Exercise description:
For each entry below, please return its exact wording and leave out any picture.
===== Records provided
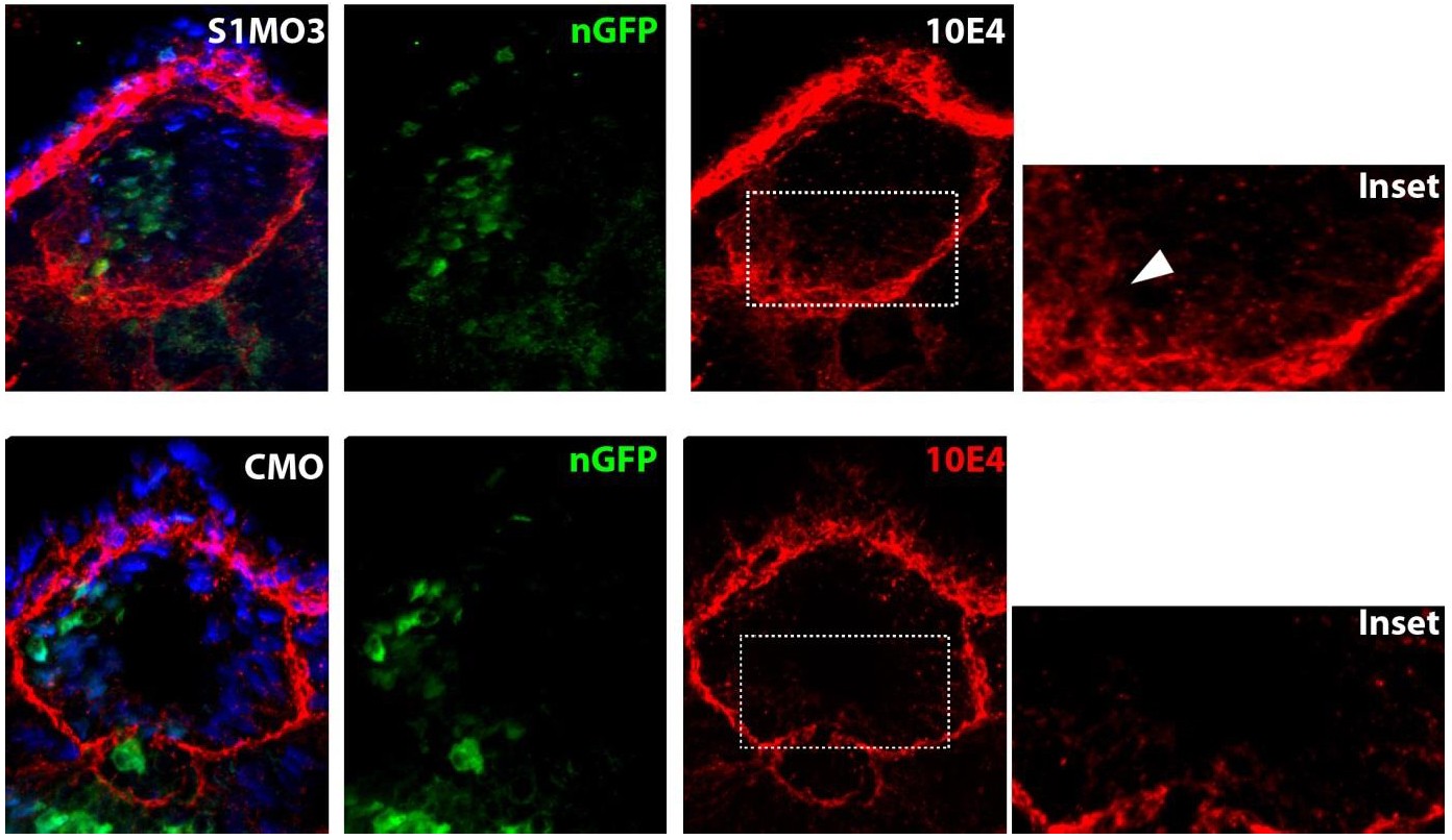 Once sectioned, samples were washed in PBS, and blocked for 1hr at room temperature in PBS+ 0.5%BSA. Samples were incubated in 1:200 anti-10E4 (US Biological) for 24 hours and washed in PBS. Alexa 555 conjugated goat anti mouse (Invitrogen) was used at 1:500 and Alexa488 conjugated anti-GFP (Invitrogen) was used at 1:1,000. Samples were mounted in Vectashield mounting medium with DAPI. |
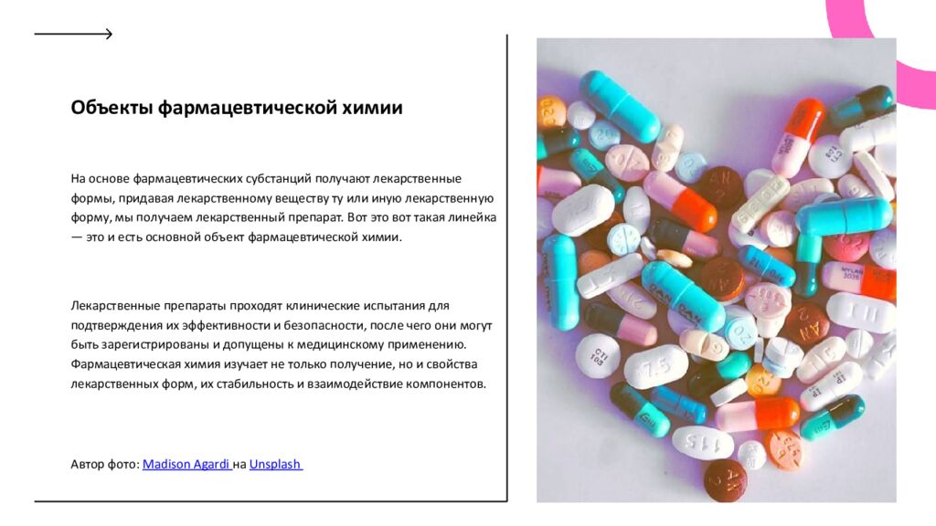 Автор фото: Madison Agardi на Unsplash Объекты фармацевтической химии На основе фармацевтических субстанций получают лекарственные формы, придавая лекарственному веществу ту или иную лекарственную форму, мы получаем лекарственный препарат. Вот это вот такая линейка — это и есть основной объект фармацевтической химии. Лекарственные препараты проходят клинические испытания для подтверждения их эффективности и безопасности, после чего они могут быть зарегистрированы и допущены к медицинскому применению. Фармацевтическая химия изучает не только получение, но и свойства лекарственных форм, их стабильность и взаимодействие компонентов.
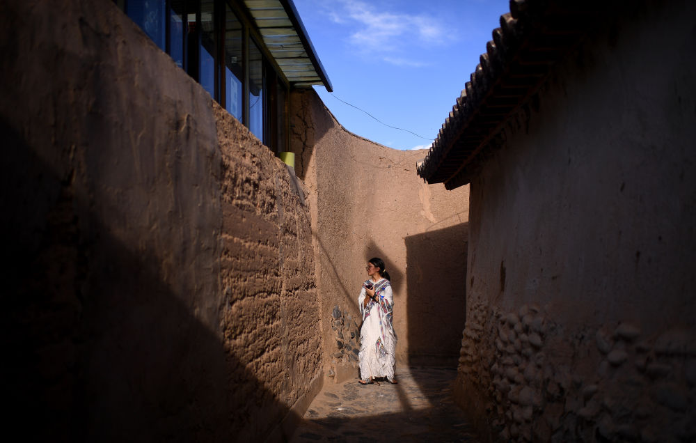 一名游客在同仁市郭麻日村郭麻日古堡內(nèi)游玩。新華社記者 張宏祥 攝
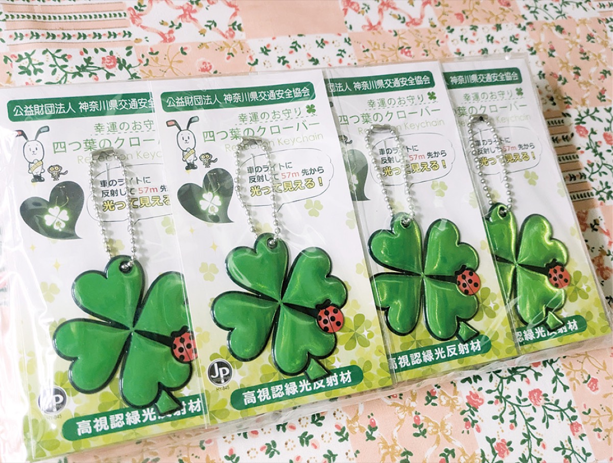 寄贈された「高視認緑光反射材」は、夜間に着用すると57m離れた車のライトなどに反射するもので、交通事故防止の一助となる。また、四つ葉のクローバーの形が特徴で、ランドセルやバッグに付けることができる。
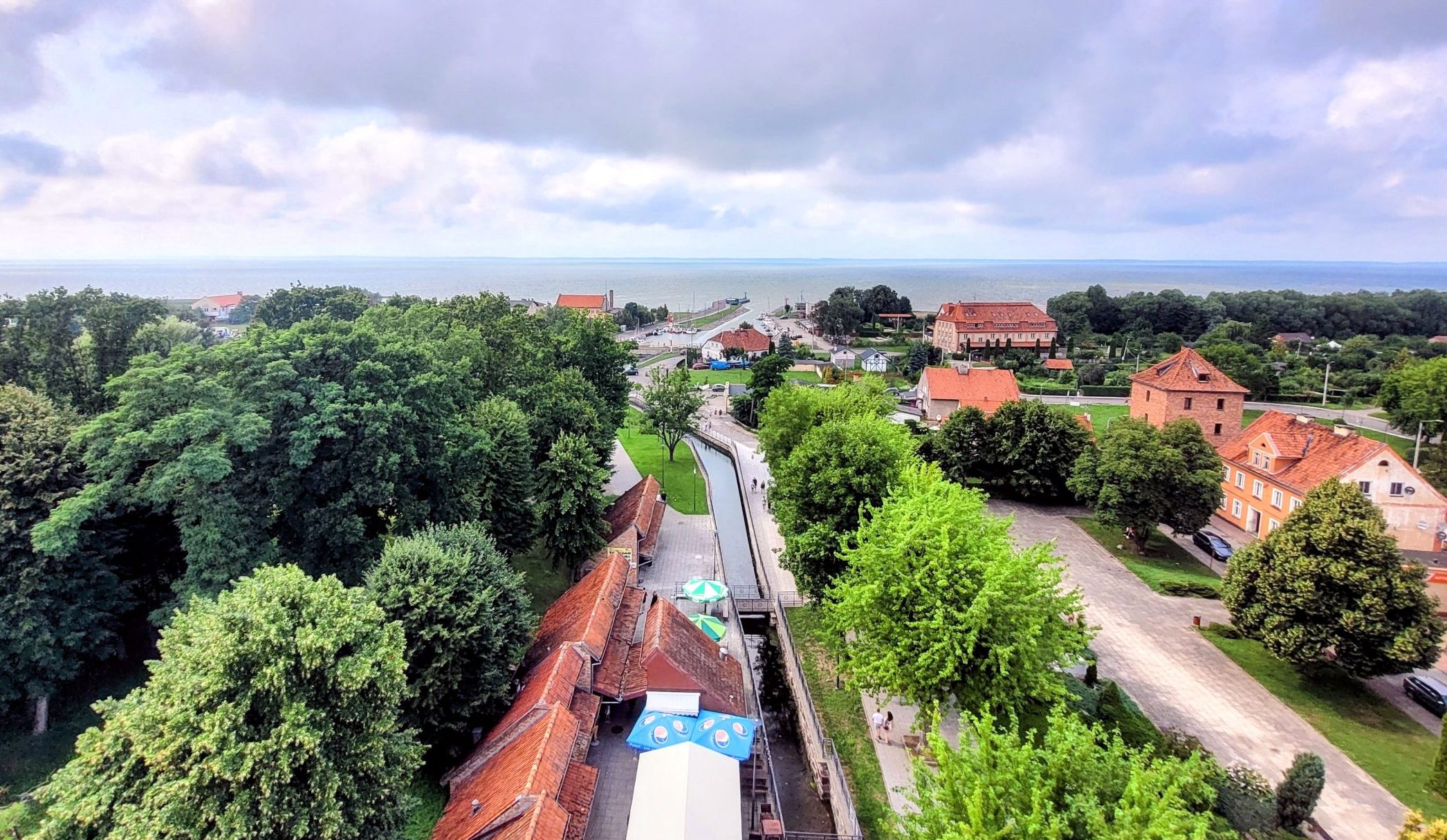Kamera ponownie ukazuje okolice Fromborka z góry. Wzgórze Katedralne z zabudowaniami z czerwonej cegły kontrastuje z Zalewem Wiślanym w oddali. Kolejne ujęcie pokazuje Frombork w szerokim planie.
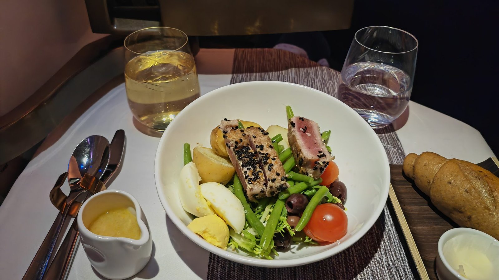 It was light, fresh, and the sort of thing that makes you feel smugly healthy at 38,000 feet.
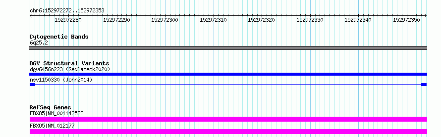 Variant DetailsVariant: nsv1150330| Internal ID | 19200850 | | Landmark | | | Location Information | | | Cytoband | 6q25.2 | | Allele length | | Assembly | Allele length | | hg38 | 82 | | hg19 | 82 |
==========
Written response:
 Once sectioned, samples were washed in PBS, and blocked for 1hr at room temperature in PBS+ 0.5%BSA. Samples were incubated in 1:200 anti-10E4 (US Biological) for 24 hours and washed in PBS. Alexa 555 conjugated goat anti mouse (Invitrogen) was used at 1:500 and Alexa488 conjugated anti-GFP (Invitrogen) was used at 1:1,000. Samples were mounted in Vectashield mounting medium with DAPI. |
 Автор фото: Madison Agardi на Unsplash Объекты фармацевтической химии На основе фармацевтических субстанций получают лекарственные формы, придавая лекарственному веществу ту или иную лекарственную форму, мы получаем лекарственный препарат. Вот это вот такая линейка — это и есть основной объект фармацевтической химии. Лекарственные препараты проходят клинические испытания для подтверждения их эффективности и безопасности, после чего они могут быть зарегистрированы и допущены к медицинскому применению. Фармацевтическая химия изучает не только получение, но и свойства лекарственных форм, их стабильность и взаимодействие компонентов.
 一名游客在同仁市郭麻日村郭麻日古堡內(nèi)游玩。新華社記者 張宏祥 攝
 寄贈された「高視認緑光反射材」は、夜間に着用すると57m離れた車のライトなどに反射するもので、交通事故防止の一助となる。また、四つ葉のクローバーの形が特徴で、ランドセルやバッグに付けることができる。
Kamera ponownie ukazuje okolice Fromborka z góry. Wzgórze Katedralne z zabudowaniami z czerwonej cegły kontrastuje z Zalewem Wiślanym w oddali. Kolejne ujęcie pokazuje Frombork w szerokim planie.
 It was light, fresh, and the sort of thing that makes you feel smugly healthy at 38,000 feet.
 Variant DetailsVariant: nsv1150330| Internal ID | 19200850 | | Landmark | | | Location Information | | | Cytoband | 6q25.2 | | Allele length | | Assembly | Allele length | | hg38 | 82 | | hg19 | 82 |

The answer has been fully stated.